So today I wish you all a very happy Christmas filled with the invaluable gifts this life has to offer us every day and, more importantly, the eyes to see them and the heart to give them.


Wednesday, December 17, 2014

Hatching Plans

Every new garden needs attention throughout the year. Even though no flowers are in bloom, even though many things have been shriveled by the freezing temperatures at night, much work remains around here. Now that the semester is over, Turfman and I have been spending a good hour each day planting the remaining spring bulbs we have. I just returned from the hardware store with enough lumber, screws, and olive oil (for the wood preservative I make) to build two more raised planter beds. Once those are finished, we'll still need to build seven more to complete the garden layout. And then there's the fence that we'll have to build around it. As I said, there's much work to do.

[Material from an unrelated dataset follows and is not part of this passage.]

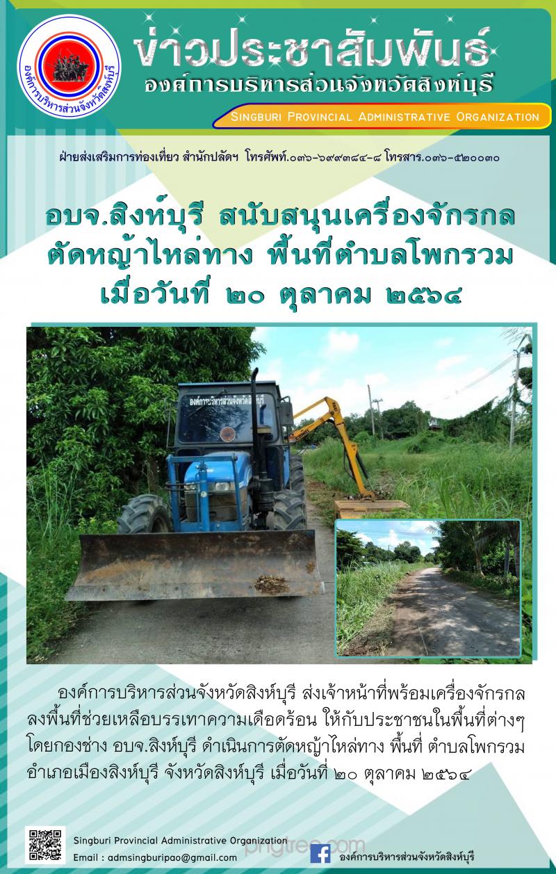 อบจ.สิงห์บุรี สนับสนุนเครื่องจักรกล เก็บกำจัดวัชพืช พื้นที่ตำบลพระงาม และตัดหญ้าไหล่ทาง พื้นที่ตำบลโพกรวม

On the colder mornings, though, I've been spending time working out a garden design for the front yard. I can spend most of my time in the warmth of the house with my colored pencils and drawing template and only dash outside periodically to confirm a measurement. I can spread copies of Gardens Illustrated out in front of me and dream. I sift through my packets of seeds to see what I have to work with (and occasionally to have a little bit of a panic over just how many seed packets I have). These are the times when everything is possible and I begin to wonder (with great anticipation) just how it will all turn out.


I am painfully aware that by sitting here and drawing out my dreams I'm also creating more work for myself, but it's the kind of work that keeps me going. So watch that space in the photo. It will figure prominently in the story of this place during the next few months and hopefully in the years to come.

Saturday, December 13, 2014

Settling Down

Once again, I've been away from the blog for longer than I had hoped. It is all my fault, a simple case of poor time management. The first semester back teaching full time after many years away was a little overwhelming. Now that I've successfully navigated it, I'm focusing my efforts on getting everything else back in order.

It's nice to be in a colder climate under such circumstances. In Florida, I would likely have been  fretting over lettuces and carrots and other such things. I'd probably even be mapping out my seed starting schedule so that I could be ready for the early spring planting season there. But I've been waking up to freezing temperatures here lately, and that forces me to take things a little more slowly. Though some lettuces, kale, mustard, and carrots are still putting on growth (albeit really slow growth), the vegetable garden is relatively quiet. Only the garlic is still hard at work underneath its mulch blanket. As for the ornamental side of things, everything is silent.

The garlic, kissed with frost, is snuggled under 6" of mulch

And so it is that I now wake up to find unique treasures outside each morning. The pond has been freezing along the margins for the most part, but the shards extended further this morning. I had been lamenting lately that the scene here has become so monochromatic, but the view from the front porch this morning proves I needed a change in perspective. 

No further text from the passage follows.